Imagine, if you will, that you have a ten-year-old son, and he comes home from school one day and tells you he is starting on a new exercise program that will make his arms as strong and healthy as possible.
"Good," you say. "Tell me about it."
He tells you he is going to take a 5 pound dumbell and build himself up until he can do a thousand repetitions of a bicep curl with each arm.
If you are sane, you will discourage your son from doing this. It will never make him "strong," and it will likely damage some of the parts and pieces of his arms and elbows. (Ignoring the fact that kids shouldn't be lifting weights at that age) you tell him it would be better to build up his strength with higher weights, such that he can only do 3-5 repetitions before failure.
And what is "jogging" if not repeating the same minimally-exertive exercise (jogging one step) a million times? It doesn't make you any stronger or more "fit." All it does is make you more able to jog, which is pointless.
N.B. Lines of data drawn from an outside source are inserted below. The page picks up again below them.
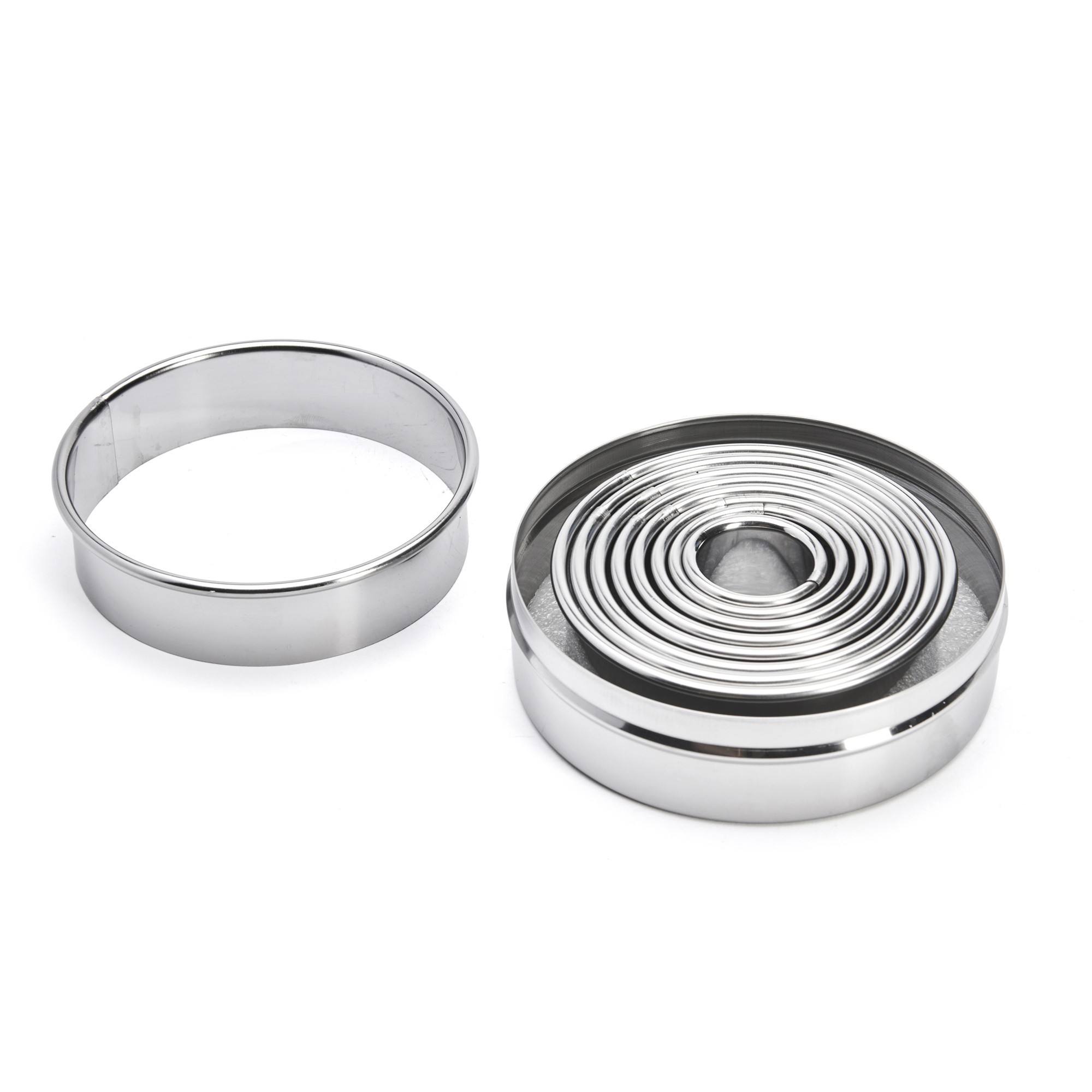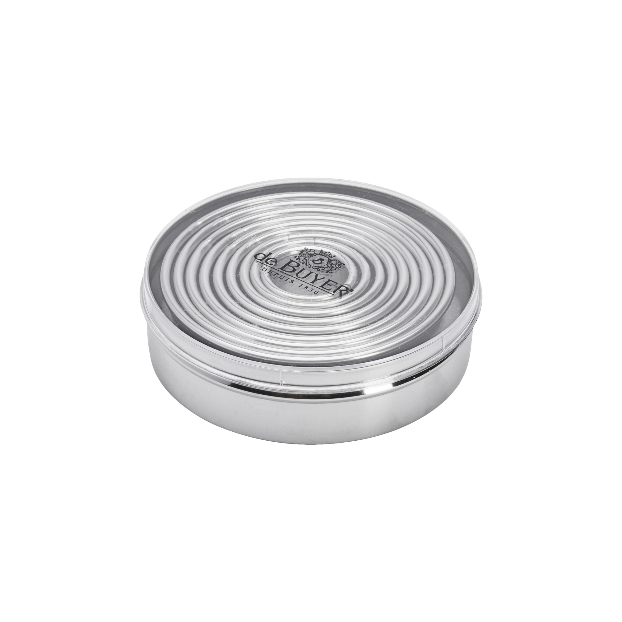 Комплект от 9 режещи устройства, марка de Buyer, направена от неръждаема стомана е много здрава и запази формата си поради материала, от който са изработени, имащи променливи диаметри: от 3 см до 11 см, височина 3,5 см, като всички те са идеални за създаване на основата на тартове или други торти.
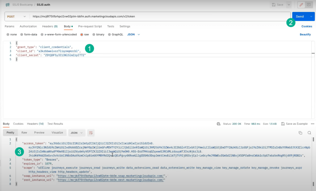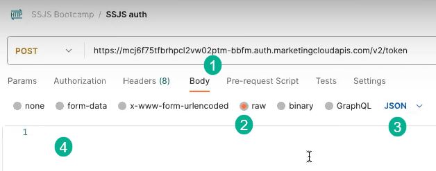 Validating in Postman will do two things (1) it will help the team familiarize the basics of an API call to give perspective on what we’ll be coding in SSJS and (2) validate the connect as Postman will give the team more details on errors connecting than what the user will see on a cloud page.
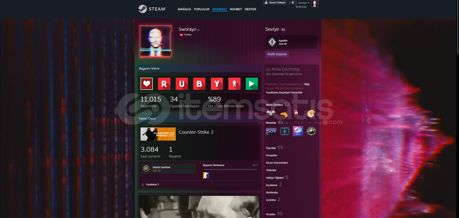 İÇİNDE 400 DOLARA YAKIN OYUN MEVCUT CS2 DE VAC BAN MEVCUT YAKLAŞIK 2 YIL OLDU VE SONRA OYUN OYNAMAYI BIRAKTIM
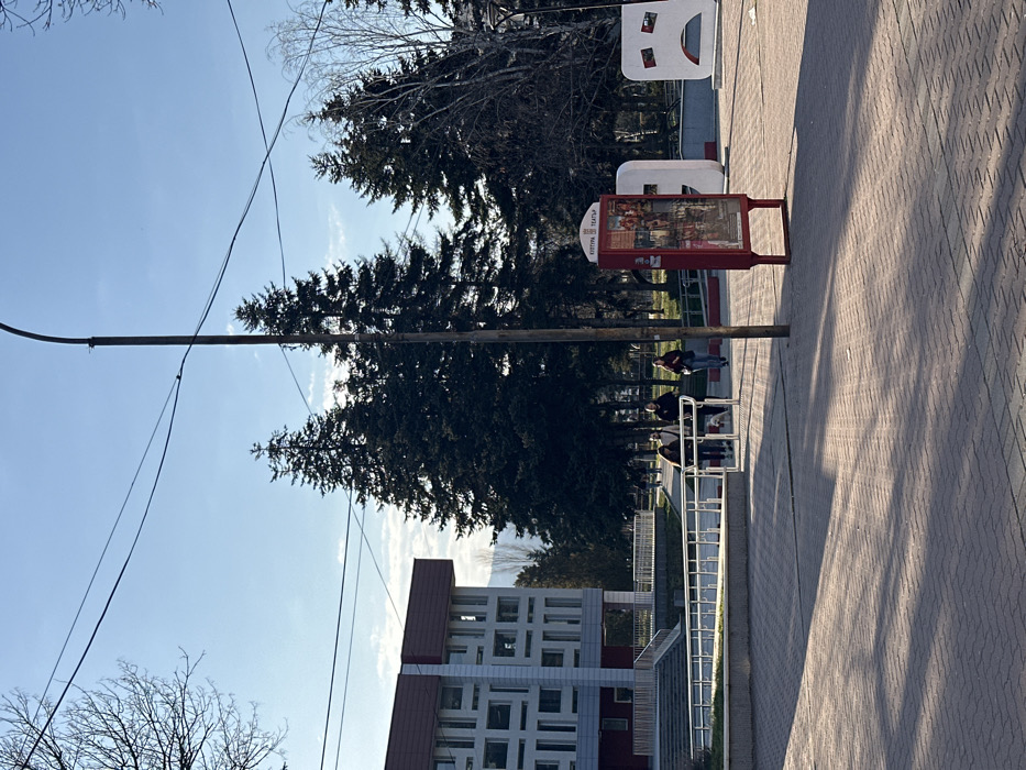 An outdoor urban scene in the city of Kyustendil, Bulgaria, specifically in the square fronting the Kyustendil Drama Theater
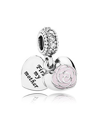 Υπέροχο μενταγιόν από ασήμι και ζιρκόν, με ροζ τριανταφυλλάκι και το πιο γλυκό μήνυμα: Πρώτα η μητέρα μου.
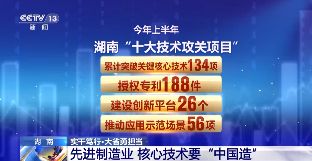 今年上半年,湖南“十大技术攻关项目”累计突破关键核心技术134项,授权专利188件,建设创新平台26个,推动应用示范场景56项。与此同时,湖南正在加快推进省级“四大实验室”的建设,为先进制造业创新研发提供基础研究和成果转化的保障。
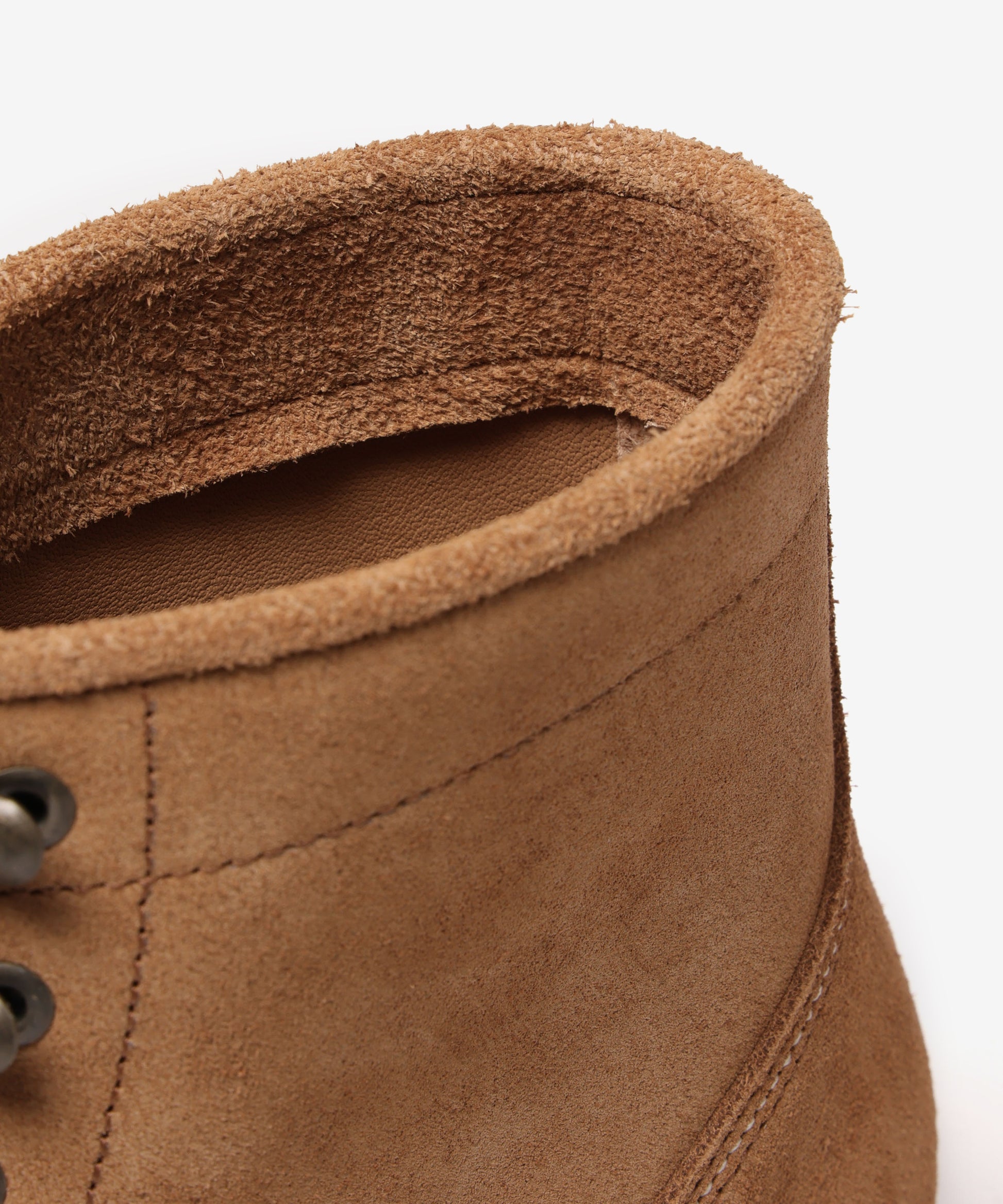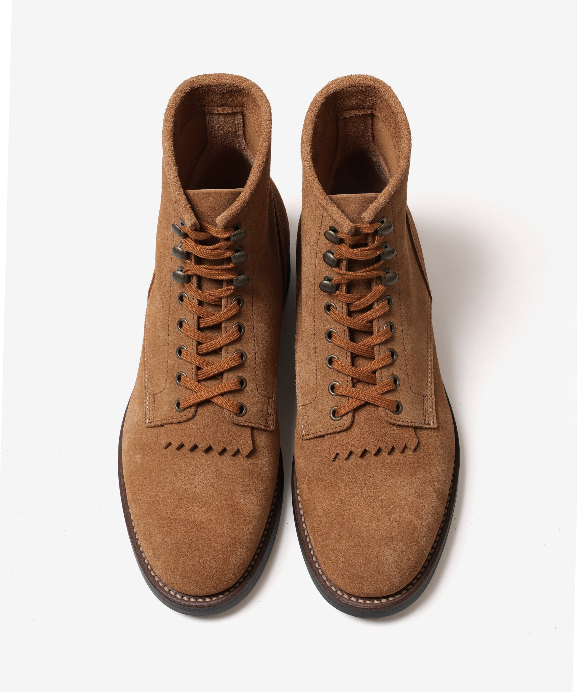 外羽根式の5ホール&3フック仕様で脱ぎ履きが容易。トリプルステッチの無骨な縫製とカットオフ仕様で茶芯の表情を引き出したアンクルブーツ。ライニングにはソフトな馬革を採用し、アッパーとの相性を調整。ヒールは3cm設計で安定した履き心地。シングルウェルト仕様で重厚感とスタイリッシュさを両立し、踵は補強パーツで耐久性を高めています。足首周りは1枚仕立てで馴染みやすい仕様。
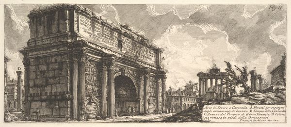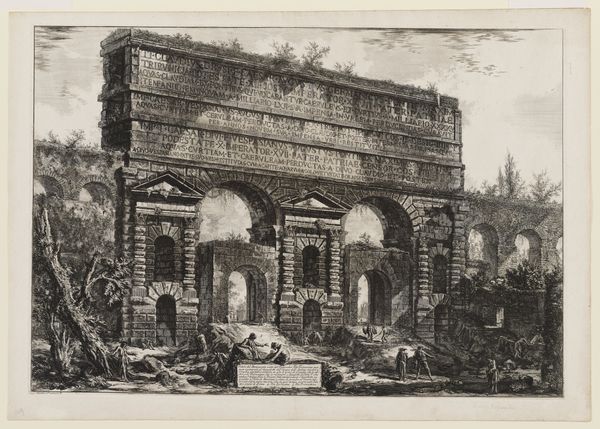 Giovanni Battista Piranesi created this etching of the View of the Porta Maggiore. Its stark contrasts and intricate detail evoke a sense of awe. Piranesi masterfully uses line and texture to depict the monumental scale and decaying grandeur of the ancient Roman gate. The composition, organized around the massive, inscription-laden structure, emphasizes the weight and permanence of Roman architecture. Piranesi's work engages with the sublime, where the experience of the grand and overwhelming evokes both admiration and a sense of human insignificance. His technique reflects an interest in classical forms but also shows a sensitivity to the effects of time and decay on these structures. Piranesi's focus on the material reality of the ruins—the rough textures, the broken edges, and the overgrowth—challenges idealized notions of classical perfection. He presents us with a complex interplay between past glory and present decay, inviting us to reflect on the nature of history and memory. Piranesi captures not just the physical form of the Porta Maggiore but also its symbolic weight.

It does burn some calories, but the fact is, it inhibits muscle development in other areas of the body (while doing nothing for your legs either). Look at the first 100 finishers in any local 10K race, and about the best you can say for them is that they are all skinny. None of them has any upper body muscle development. This is not a coincidence. Distance running inhibits muscle growth.
Jogging is not even particularly good for your heart. You elevate your heart rate to the "aerobic range" and keep it there for thirty minutes. So what? Your heart adapts to where it can do that easily. So what? The only time jogging has any significant benefit is when you are "jogging" in an area where there are a lot of hills, and your heart is forced to elevate to the changing levels of exertion. Jogging on level terrain is borderline worthless. Better than having a Big Mac, but not much. It is the leg equivalent of doing a thousand bicep curls with 5 pound dumbells.
For a given investment of time, you would be much better off do to ten or fifteen minutes of interval training, then lift weights or do calisthenics for fifteen minutes, and finish with a good, full-body stretching routine. Run for fun, but no more often than once a week.
I personally do most of my interval training on a stationary bike, but it can also be done in the form of running/walking. It is best when the level of exertion progresses with each interval until the last one, which is a maximum effort (heart rate 220 minus age times .8). Six intervals is plenty, and can be done in 10-12 minutes, leaving you more exhausted than a half-hour run. I know from experience.
I was a runner for 35 years, and I still enjoy it, but as pure exercise it is horribly over-rated. It will inevitably injure your knees, hips, and/or your feet. For most of the time invested in health and fitness you should be doing something other than "jogging."